Administration of Justice Act 1696
- Parliament of England
- Long title: An Act for the better preventing of frivolous and vexatious Suits.
- Citation: 8 & 9 Will. 3. c. 11
- Territorial extent: England and Wales

Dates
- Royal assent: 8 March 1697
- Commencement: 25 March 1697
- Repealed: 30 July 1948

Other legislation
- Repealed by: Civil Procedure Acts Repeal Act 1879; Statute Law Revision and Civil Procedure Act 1883; Statute Law Revision Act 1948;

Status: Repealed

Text of statute as originally enacted

= Administration of Justice Act 1696 =

Act of the Parliament of England

The Administration of Justice Act 1696 (8 & 9 Will. 3. c. 11) was an act of the Parliament of England.

== Subsequent developments ==
Sections 1–3 and 5–7 of the act were repealed by section 2 of, and part II of the schedule to, the Civil Procedure Acts Repeal Act 1879 (42 & 43 Vict. c. 59), which came into force on 15 August 1879. Section 4(2) of that act provided that the repeal did not operate in respect of any court other than the Supreme Court of Judicature in England.
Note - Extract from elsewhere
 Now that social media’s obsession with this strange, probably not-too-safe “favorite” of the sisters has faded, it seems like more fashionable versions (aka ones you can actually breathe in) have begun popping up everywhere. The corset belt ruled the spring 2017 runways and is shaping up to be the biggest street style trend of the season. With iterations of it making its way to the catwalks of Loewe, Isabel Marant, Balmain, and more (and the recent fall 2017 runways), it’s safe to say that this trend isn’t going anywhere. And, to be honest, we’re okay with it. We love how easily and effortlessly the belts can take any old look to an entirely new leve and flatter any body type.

Section 4 was repealed by section 2 of, and part I of the schedule to, the Civil Procedure Acts Repeal Act 1879 (42 & 43 Vict. c. 59), which came into force on 15 August 1879.
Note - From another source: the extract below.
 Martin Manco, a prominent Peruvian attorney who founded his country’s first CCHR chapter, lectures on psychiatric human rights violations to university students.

Sections 1 to 3 and 5 to 7 were repealed by section 4 of the Statute Law Revision and Civil Procedure Act 1883 (46 & 47 Vict. c. 49). But see section 7 of that act as to the Lancaster Palatine Court and the inferior civil courts (now abolished).

Sections 99(1)(f) and (g) of, and schedule 1 to, the Supreme Court of Judicature (Consolidation) Act 1925 (15 & 16 Geo. 5. c. 49) provided that the whole act, so far as unrepealed, could be repealed by rules of court made under section 99 of that act.

In Section 8, the words from "from and after" to "ninety and seven" were repealed by section 1 of, and the first schedule to, the Statute Law Revision Act 1948 (11 & 12 Geo. 6. c. 62), which came into force on 30 July 1948.

== Case reference ==
The act was referred to by the Lord Chancellor in the House of Lords decision on Clydebank Engineering and Shipbuilding Co. Ltd. v. Don Jose Ramos Yzquierdo y Castaneda (1904) as the law "upon which English lawyers rely" for making the distinction between damages and penalties.